What is needed
Starting at the line that contains "NV6117 6.5. Electrical Characteristics", quote every line through the end of the entries, word for word, skipping the pictures.

Given information
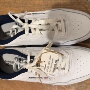 Classic Reebok sneakers with white leather and navy accents. Ideal for everyday style.
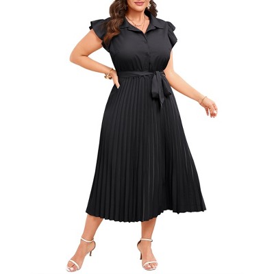 Clearlove Womens Plus Size Dress Mock Neck Ruffle Short Sleeve Button Belted A-Line Midi Cocktail Party Dress
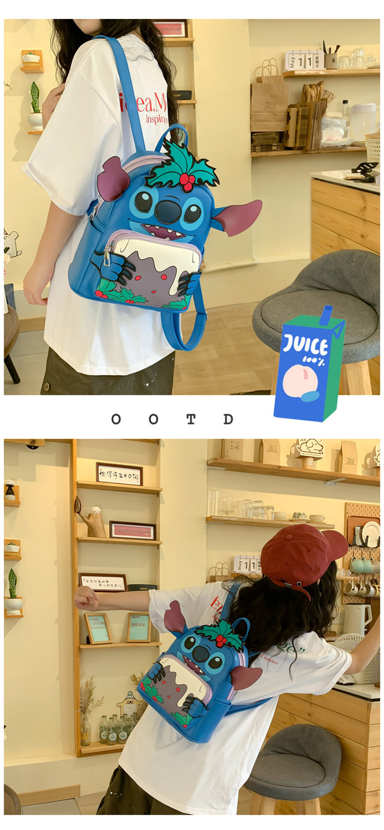 漫画インかわいいスタイルの小さなバックパックストリートミニバッグ女性のための 2025 新しいブルーモンスターバックパック
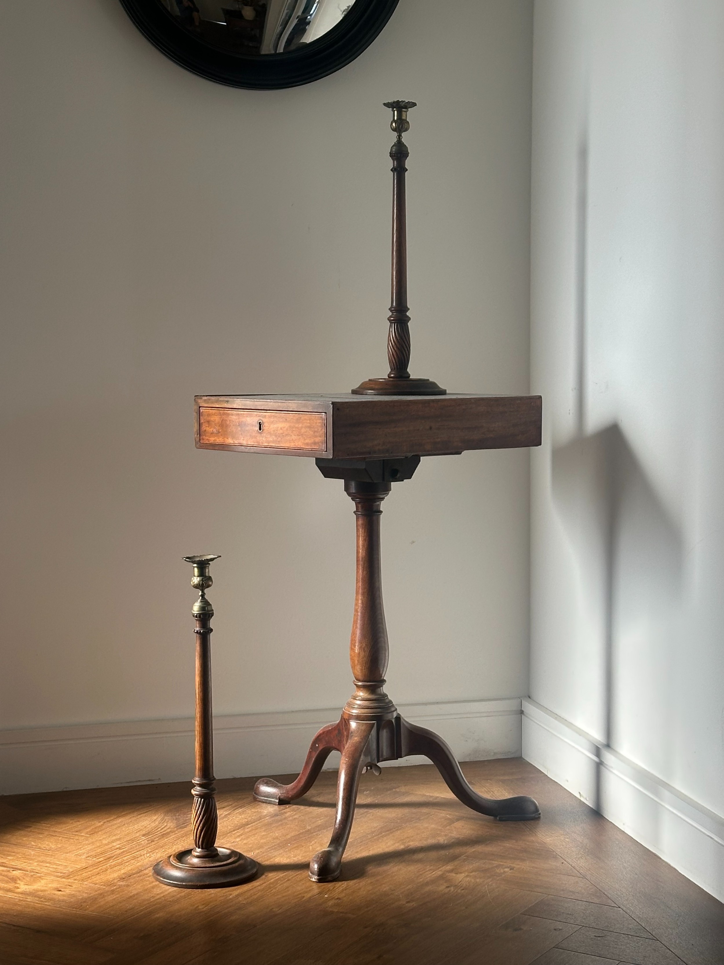 Die Messingaufsätze (Sconces), möglicherweise aus dem 18. Jahrhundert, ergänzen das dunkle Holz perfekt und verleihen den Stücken eine edle, theatralische Ausstrahlung.
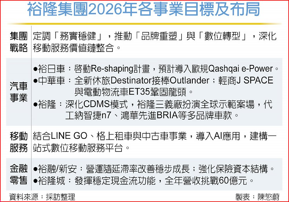 裕隆集團挺過雙稅(關稅、貨物稅)亂流,旗下各上市公司2025年有望全數獲利,展現營運韌性。裕隆集團執行長嚴陳莉蓮近日定調,2026年經營策略將以務實穩健經營為主軸,全力推動「品牌重塑」、「數位轉型」,深化「車輛製造到移動服務」的產業價值鏈整合,各公司樂觀今年業績穩增。
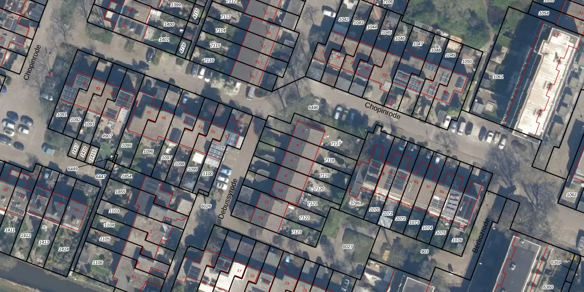 Gebruik de zoekbalk of klik op een perceel voor informatie over de adressen binnen dit perceel.
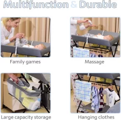 - Drie hoofdfuncties: we hoeven niet te bukken om de baby te helpen luiers / kleding te verschonen, massage te geven en de benodigdheden van de baby te ordenen.
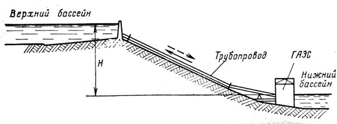 В здании ГАЭС устанавливаются так называемые обратимые гидроагрегаты. В часы минимума нагрузки энергосистемы генераторы ГАЭС переводят в двигательный режим, а турбины - в насосный. Потребляя мощность из сети, такие гидроагрегаты перекачивают воду по трубопроводу из нижнего бассейна в верхний. В период максимальных нагрузок, когда в энергосистеме образуется дефицит генераторной мощности, ГАЭС вырабатывает электроэнергию. Сбрасывая воду из верхнего бассейна, турбина вращает генератор, который выдает мощность в сеть.
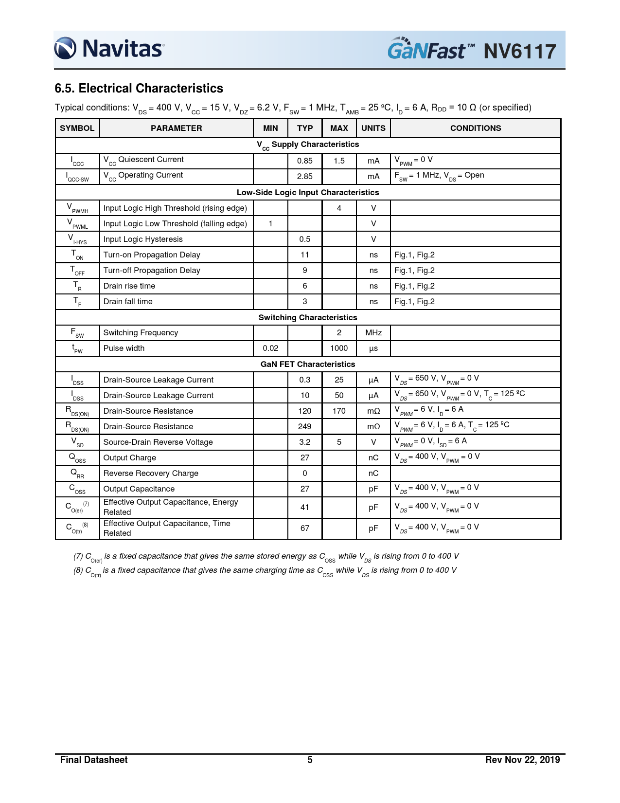 NV6117 6.5. Electrical Characteristics
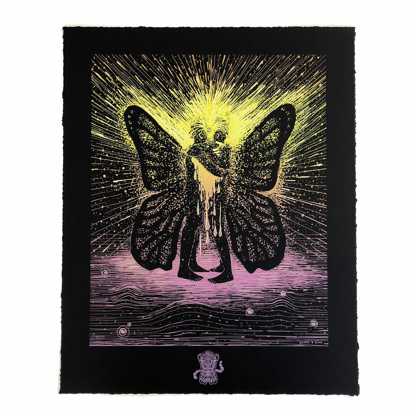 “Turning into You” is a 16” x 20” split fountain screenprint on Neenah Epic Black paper with hand embellished details and deckled edges. The print is available in five different variants, each in very small editions of 13.

Expected output
 NV6117 6.5. Electrical Characteristics
 “Turning into You” is a 16” x 20” split fountain screenprint on Neenah Epic Black paper with hand embellished details and deckled edges. The print is available in five different variants, each in very small editions of 13.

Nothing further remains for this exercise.